Following cell creates the demo dataset. It is the same function used in the first notebook. You can skip it.

In [2]:
import pandas as pd
import numpy as np

def create_demo_data(n_products, n_stores, start_date="2021-01-01", end_date="2022-01-01"):
    """Creates demo data, writes it as parquet partitioned by date, reads it and returns the dataframe"""
    dates = pd.date_range(start_date, end_date)
    dates = [str(date)[:10] for date in dates]

    day_index = np.arange(len(dates))
    result = []
    for product in range(n_products):
        for store in range(n_stores):
            sales = np.random.poisson(10, size=len(dates))
            partial_df = (
                pd.DataFrame(dates, columns=["date"])
                .assign(product_id=product)
                .assign(store_id=store)
                .assign(day_index=day_index)
                .assign(sales_quantity=sales)
            )
            result.append(partial_df)
    pdf = pd.concat(result)
    result = spark.createDataFrame(pdf)
    result.repartition("date").write.partitionBy("date").parquet("demo-data", mode="overwrite")
    return spark.read.parquet("demo-data")

In [None]:
df = create_demo_data(n_products=10, n_stores=10, start_date="2021-01-01", end_date="2021-01-31")

In [None]:
df.rdd.getNumPartitions()

## Basic Sum:

- We all know this.
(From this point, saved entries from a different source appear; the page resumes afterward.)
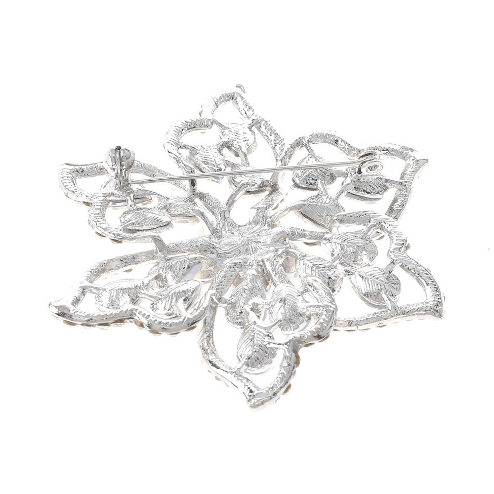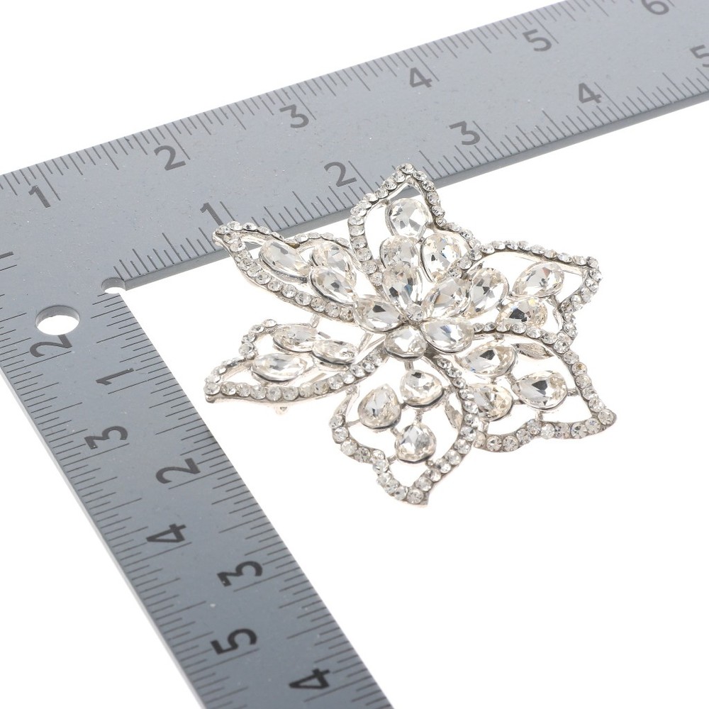 Silver Tone Metal Crystal Rhinestone Flower Brooch P1514-SCL
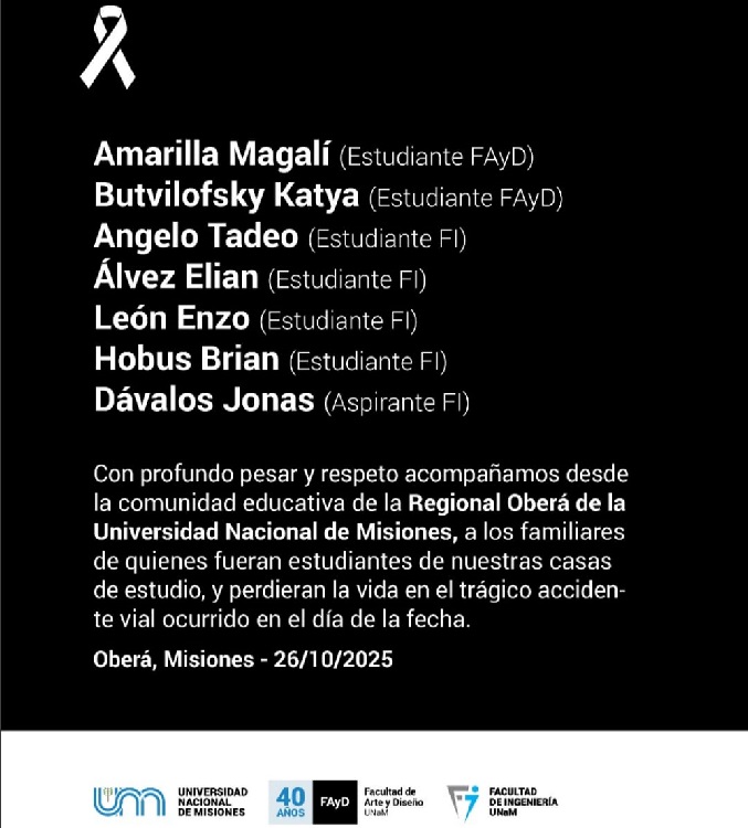 Por último, desde la UNaM, se declara tres días de duelo en señal de respeto y solidaridad con las familias y allegados de las y los estudiante fallecidos.
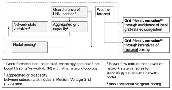 Schematic representation of the modelling approach reflecting a grid-friendly operation of a heating network.
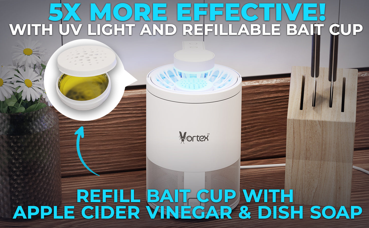 - Bait Boost: The Vortex's refillable bait cup emits a strong scent, making it 5 times more effective than other UV flycatchers. (Recommended - refill with apple cider vinegar & and dish soap)
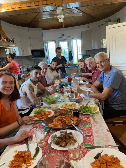 Wir sind heute eine internationale Gruppe und dürfen alle zusammen an der langen Tafel in ihrer Küche speisen Heute sind wir drei Deutsche, vier Italiener, zwei davon, wie sich später herausstellt, sind katholische Priester, eine Polin und zwei Tschechinnen.

Let's see the physical plan.

In [None]:
df.select(F.sum("sales_quantity")).explain()

This is a typical map reduce pattern. The plan translates to:

**1.** read parquet: ``+- FileScan parquet``

**2.** select sales_quantity column: ``+- Project [sales_quantity#19L]``

**3.** Compute the sum at each partition (partial_sum):  ``+- HashAggregate(keys=[], functions=[partial_sum(sales_quantity#19L)])``

**4.** Move the partial results into a single partition ``+- Exchange SinglePartition, ENSURE_REQUIREMENTS, [id=#80]``

**5.** Sum up all the partial results to get final result.: ``+- HashAggregate(keys=[], functions=[sum(sales_quantity#50L)])``

In this case we have 16 partitions in the dataframe. At the end of **Step 3**, we will have **a single row at each partition** which only contains the sum of sales_quantity at that partition. Then these results are moved into a single partition.

**Takeaway**:

- Sum requires the shuffle of partial results. However, the amount of data is reduced greatly before this shuffle (to 16 rows in this case). Therefore, this is not a shuffle to worry about.

## Groupby aggregations


### Groupby Sum

In [None]:
product_sum = df.groupBy("product_id").agg(F.sum("sales_quantity").alias("product_sum"))
product_sum.explain()

- Again, full shuffle is not necessary for groupby aggregations. For ``groupby.sum`` we can find the sum for each partition and then shuffle just the results of each partition and combine them.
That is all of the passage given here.